The only exception to the requirement for consent is cookies that are "strictly necessary" for a service requested by the user. The ICO has indicated that this exception should be interpreted quite narrowly and may apply in the circumstance where a user of a website has chosen the goods they wish to buy and has clicked "add to basket" and the site remembers what items they chose on a previous page.

Although the new legislation comes into force on 26th May 2011, the Government's view is that there should be a phased approach to the implementation of the changes and the ICO is not expected to take enforcement action for non-compliance in the short term. The ICO will shortly be issuing some guidance on how they intend to enforce the new Regulations.

At this stage, the ICO advises organisations to:

1. check what type of cookies and similar technologies you are using and how you are using them
2. assess how intrusive your use of cookies is
3. decide what solution to obtain consent will be best in your circumstances.

It is this third point that most organisations will be focusing on. Use of browser settings to indicate consent appears to be the most practical method. However, the Department for Culture, Media and Sport (DCMS) response to the consultation paper published in September 2010 suggests that the current form of browser settings does not comply with the revised legislation. The ICO similarly notes in its guidance that most browser settings are not sophisticated enough to allow the user to provide appropriate consents to the various types of cookies. Therefore some other means of obtaining consent would have to be sought, at least until the browser manufacturers have developed and made available browser level solutions which are appropriate to signify consent.

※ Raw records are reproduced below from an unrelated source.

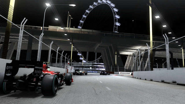 Tornando agli aspetti positivi c’è il sistema che gestisce le fasi del giorno ed il meteo. Tolto il sole alto, il tramonto di Abu Dhabi ed il GP notturno di Singapore che presentano luci e rese grafiche grandiose, ciò che lascia veramente a bocca aperta è il meteo. Maggiore è la lunghezza del GP che affronteremo, maggiori saranno le possibilità di ritrovarci a dover gestire fasi alterne di meteo. Si può infatti cominciare con gara bagnata per concludere con gara asciutta o anche ritrovarci con continui scrosci di pioggia alternati a brevi momenti di sole. Tutto questo non è solo un aspetto grafico, ma anche, se non soprattutto, fisico. Con la pioggia la monoposto deve esser gestita diversamente dal giocatore sfruttando un carico maggiore per ottenere più grip e qui viene utile il menu di pausa attivabile in qualsiasi momento dove potremo modificare l’incidenza degli alettoni. Più importante sarà però la decisione su quali coperture utilizzare, perché se le slick ovviamente non sono adatte al bagnato, la differenza tra intermedie e full wet è ampia. Le gomme intermedie sono adatte quando la pioggia che cade è poca ma continua, mentre le full wet sono utili quando ci si ritrova con un acquazzone tale che fa le onde in curva. Ritrovarsi poi con il meteo che cambia a gara già avviata è una variabile aggiuntiva che rende la gara decisamente più interessante. Qui il giocatore deve capire se e quando conviene cambiare i pneumatici, tenere infatti gomme da bagnato su pista asciutta porta i pneumatici ad un rapido degrado, attenuabile spostandoci dalla scia ideale per trovare un po’ d’acqua, mentre l’uso delle slick sull’acqua non può che portarci ad essere una trottola in mezzo alla pista. In altre parole, la scelta sbagliata ci manderà fuori pista o in coda al gruppo, mentre quella azzeccata metterà tra noi ed il nostro avversario diretto, decine di secondi di distanza a nostro vantaggio.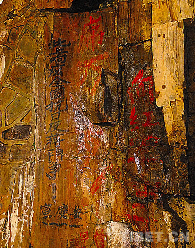 圖為一九三五年七月,中國(guó)工農(nóng)紅軍二方面軍第六軍團(tuán)在長(zhǎng)征途中,曾路過(guò)班瑪、久治一帶,并在班瑪絨玉地區(qū)的森林石壁上刻下的“北上響應(yīng)全國(guó)抗日反蔣斗爭(zhēng)”的標(biāo)語(yǔ)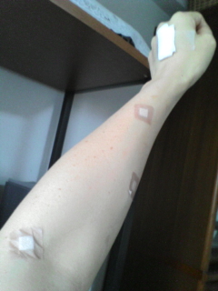 点滴 なぜか年に一度は必ず点滴のお世話になります。 点滴って速効性があるから好き(笑) ビバ点滴ヽ(≧▽≦)/ しかし、いくら血管に刺さらないからって 刺しすぎじゃない? コレ(笑) ※お陰様で今は元気です。ご心配なく(。・_・。)ノ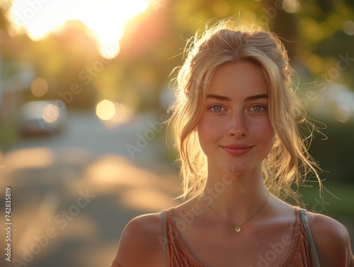 A stunning woman exudes confidence and beauty as she poses for a photo shoot outdoors, her long brown hair cascading down her neck, accessorized with a fashionable lip color and a touch of sun-kissed

The ICO suggests the following alternatives:

* Pop-ups and similar techniques: users are able to expressly and clearly consent (eg via a tick box) although there may be some impact on user experience, particularly if you use many types of cookies.
* Terms and conditions: the user might be asked to agree to the terms and conditions when they first register or sign up to a website. This solution would work for new customers but changing the terms of use to include consent for cookies would not be sufficient to argue that consent had been obtained from existing customers who would have agreed to alternative terms. For existing customers, the ICO advises that users should be made aware of the changes to the terms regarding cookies and then asked to consent to them, for example via a tick box.
* Settings-led consent: some cookies are deployed when a user chooses how the site works for them and the consent could be obtained as part of this process, for example a user could be presented with the option for a site to remember which language version a user wants to access, and state that by clicking "remember this setting", they are consenting to allow cookies which are required for this service.
* Feature-led consent: some websites use cookies to remember what a user has viewed or what parts of the site they have accessed in order to personalise the content served. In these cases, provided the user is taking some action to tell the webpage what they want to happen by opening a link, clicking a button, etc then consent could be requested at this point. If this feature is provided by a third party, appropriate transparency would need to be provided to the customer.
* Functional uses: where analytic cookies are used, for example to track a user across multiple sites, consent (as well as appropriate notices regarding such cookies) would still be required. A solution might be to put some text in the header/footer of a webpage which is highlighted or which turns into a scrolling piece of text when you want to set cookies on that user's device. This could prompt the user to read further information and make any appropriate choices that are available to them.
* Third party cookies: where third parties are permitted to set cookies on a user's device via your website, such as for third party behavioural advertising via an ad-network, obtaining consent becomes more complicated. Users must be given information by both parties and be allowed to make informed choices about what is stored on their device. The ICO is working with industry and other European Data Protection authorities to assist in addressing the complexities of this scenario. The Internet Advertising Bureau has also recently released its cross-European self-regulatory framework<http://www.iabeurope.eu/media/51925/iab%20europe%20oba%20framework_merged%20ii.pdf> for online behavioural advertising (OBA). Although arguably not sufficient to obtain consent, the framework requires organisations to use an icon with OBA that can direct users to a site with further information and details about how to refuse or turn off OBA advertisements.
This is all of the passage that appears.